SprayCheck: Finding Gray Failures in Adaptive Routing Networks

Distributed machine learning (ML) training has become a dominant workload in modern data center networks, operating at massive scale with clusters comprising tens to hundreds of thousands of GPUs. The scale of these networks makes failures, and particularly gray failures, inevitable. Gray failures can significantly degrade both network and application performance, yet they are notoriously difficult to detect, localize, and debug. To meet the performance demands of ML workloads, adaptive routing is widely deployed to maximize network utilization by dynamically spreading traffic across many paths. While adaptive routing increases network utilization, it also greatly intensifies the effect of gray failures. Prior work has either dismissed gray failures as negligible or proposed detection mechanisms that fail to scale, rendering these approaches increasingly impractical for large-scale clusters. We present SprayCheck, a passive gray failure detection system that leverages the statistical properties of adaptive routing and network load balancing. By combining these properties with flow-level information, SprayCheck can identify failures before they significantly impact application performance, enabling preemptive rerouting and improving overall performance. Importantly, this is achieved through passive observation of traffic spraying, without introducing additional load on the network. We evaluate SprayCheck and show that it can detect and localize a single-link packet-drop-rate $1.5\%$ within a single iteration and as little as $0.5\%$ within 5 training iterations of Llama-3 70B in a 64 spine topology.

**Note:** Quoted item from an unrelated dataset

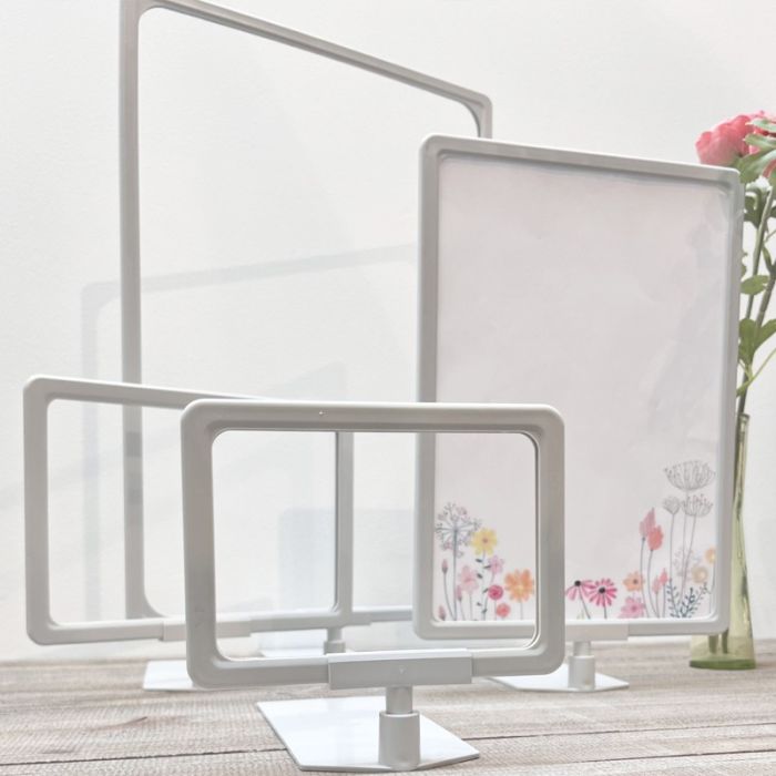 Það er auðvelt að losa skiltarammann og nota hann með öðrum upphengjum frá okkur, röraklemmum, borðstöndum eða hliðarklemmum úr fylgihlutalínunni okkar.

翻译：分布式机器学习训练已成为现代数据中心网络中的主导工作负载，其规模庞大，集群包含数万至数十万个GPU。网络规模的扩大使得故障——尤其是灰色故障——不可避免。灰色故障会显著降低网络和应用性能，但因其难以检测、定位和调试而臭名昭著。为满足机器学习工作负载的性能需求，自适应路由被广泛部署，通过动态地将流量分散到多条路径以最大化网络利用率。虽然自适应路由提高了网络利用率，但也极大地加剧了灰色故障的影响。先前的工作要么认为灰色故障可忽略不计，要么提出的检测机制难以扩展，导致这些方法对大规模集群越来越不实用。我们提出了SprayCheck，一种被动式灰色故障检测系统，利用自适应路由和网络负载均衡的统计特性。通过将这些特性与流级信息相结合，SprayCheck能在故障显著影响应用性能之前将其识别出来，从而实现预防性重路由并提升整体性能。重要的是，这是通过被动观测流量喷洒实现的，不会给网络引入额外负载。我们评估了SprayCheck，并证明在64脊柱拓扑中，对Llama-3 70B模型，它能在单次训练迭代内检测并定位到1.5%的单链路丢包率，在5次训练迭代内可低至0.5%。